Dr. Thomas Zhu, Co-founder and CEO of AXG, credited Standard Chartered’s experience in custody, risk management, and regulatory engagement for enabling the partnership. The collaboration demonstrates how established financial institutions and digital-native fintechs can combine capabilities to deliver regulated services in emerging markets.

What Comes Next for Hong Kong’s Digital Asset Ecosystem

Standard Chartered’s custody service sets a precedent for other G-SIBs operating in Hong Kong. HSBC, headquartered in London but with significant Asian operations, has explored digital asset custody and tokenization. Citigroup and JPMorgan Chase maintain large Hong Kong presences and have invested in blockchain infrastructure. If these institutions follow Standard Chartered’s lead, Hong Kong’s custody market could scale rapidly, attracting institutional flows currently held in U.S. and European custodians.

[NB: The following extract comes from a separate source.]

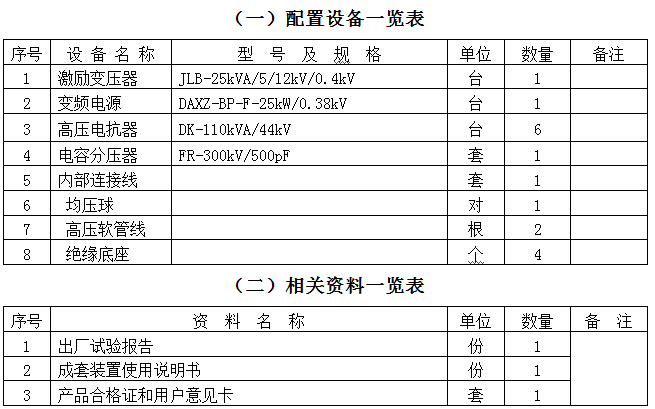 1. 激励变压器JLB-25kVA/5kV/12kV/0.4kV 1台

The city’s regulatory framework continues to evolve. The Hong Kong Monetary Authority is developing a licensing regime for stablecoin issuers, expected to take effect in late 2026. The Securities and Futures Commission is consulting on rules for retail access to tokenized securities, potentially expanding the market beyond professional investors. These regulatory developments will shape the demand for custody services and the competitive dynamics among providers.

AXG’s platform expansion also bears watching. The company’s dual-token model combines digital asset tokens with AI tokens, integrating blockchain infrastructure with artificial intelligence services. Its AGENTX platform offers Know-Your-Agent verification, and KOVAR provides cloud infrastructure for AI workloads. If AXG can scale its ecosystem while maintaining regulatory compliance, the partnership with Standard Chartered could extend beyond custody to broader digital finance services.

Standard Chartered’s Hong Kong custody launch arrives as institutional digital asset adoption accelerates globally. The service provides a regulated, G-SIB-backed custody option in Asia’s most developed financial center, positioning Hong Kong ahead of Singapore and Tokyo in the race for institutional crypto flows. Whether other G-SIBs follow, and how quickly institutional allocators adopt the service, will determine if this milestone marks the start of Hong Kong’s digital finance leadership or remains an isolated first mover.